_Work order_
Using the data below, output a verbatim copy of the lines between the one holding "Finalmente se hicieron" and the one holding "Na video snimku", inclusive, without any pictures.

_Dataset excerpts_
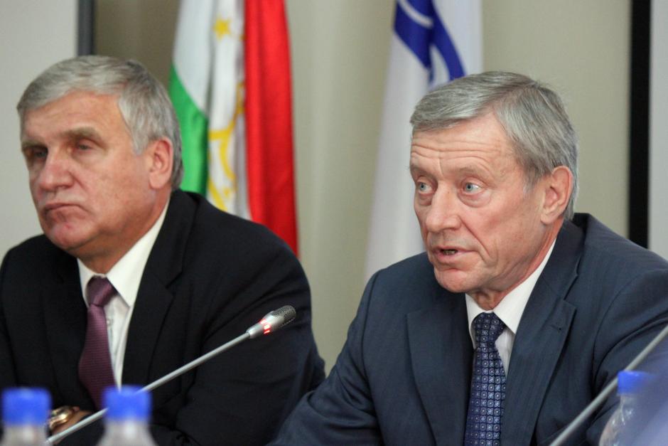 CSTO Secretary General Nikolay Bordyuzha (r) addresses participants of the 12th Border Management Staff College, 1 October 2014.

* * *

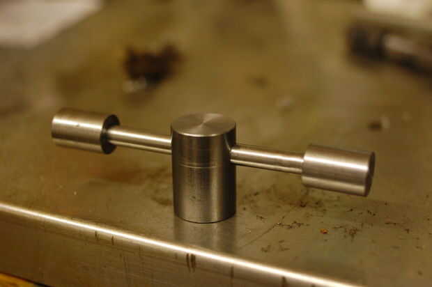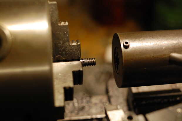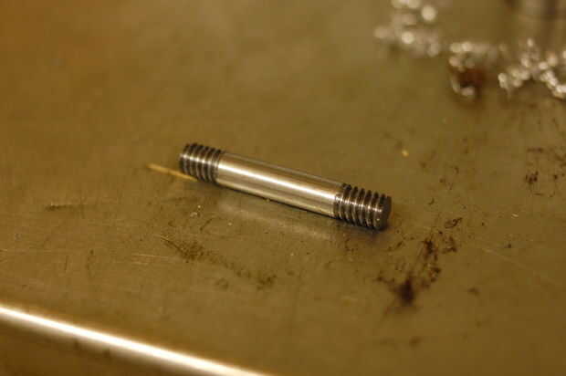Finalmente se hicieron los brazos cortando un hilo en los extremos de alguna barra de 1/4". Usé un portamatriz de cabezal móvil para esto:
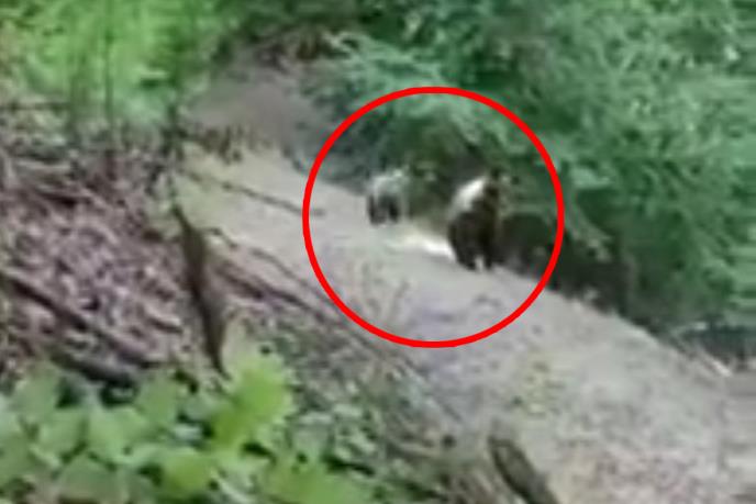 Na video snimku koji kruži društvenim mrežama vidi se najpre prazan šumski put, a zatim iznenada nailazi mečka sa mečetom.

--

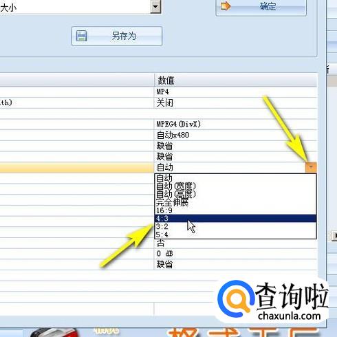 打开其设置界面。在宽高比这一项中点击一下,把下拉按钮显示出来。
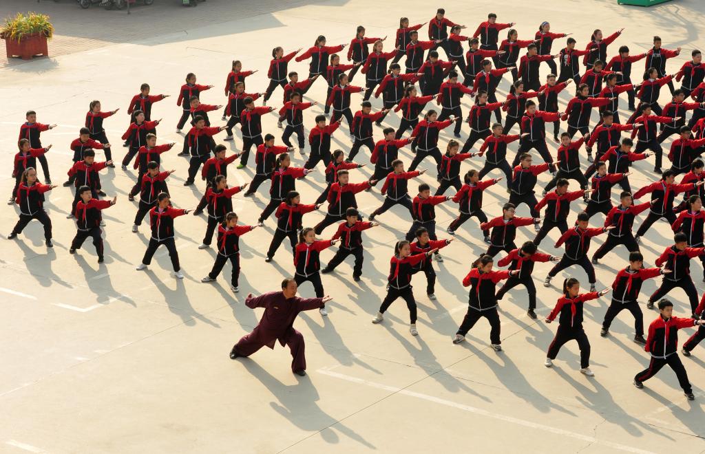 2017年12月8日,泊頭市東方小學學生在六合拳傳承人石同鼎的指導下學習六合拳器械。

_Expected answer_
Finalmente se hicieron los brazos cortando un hilo en los extremos de alguna barra de 1/4". Usé un portamatriz de cabezal móvil para esto:
 Na video snimku koji kruži društvenim mrežama vidi se najpre prazan šumski put, a zatim iznenada nailazi mečka sa mečetom.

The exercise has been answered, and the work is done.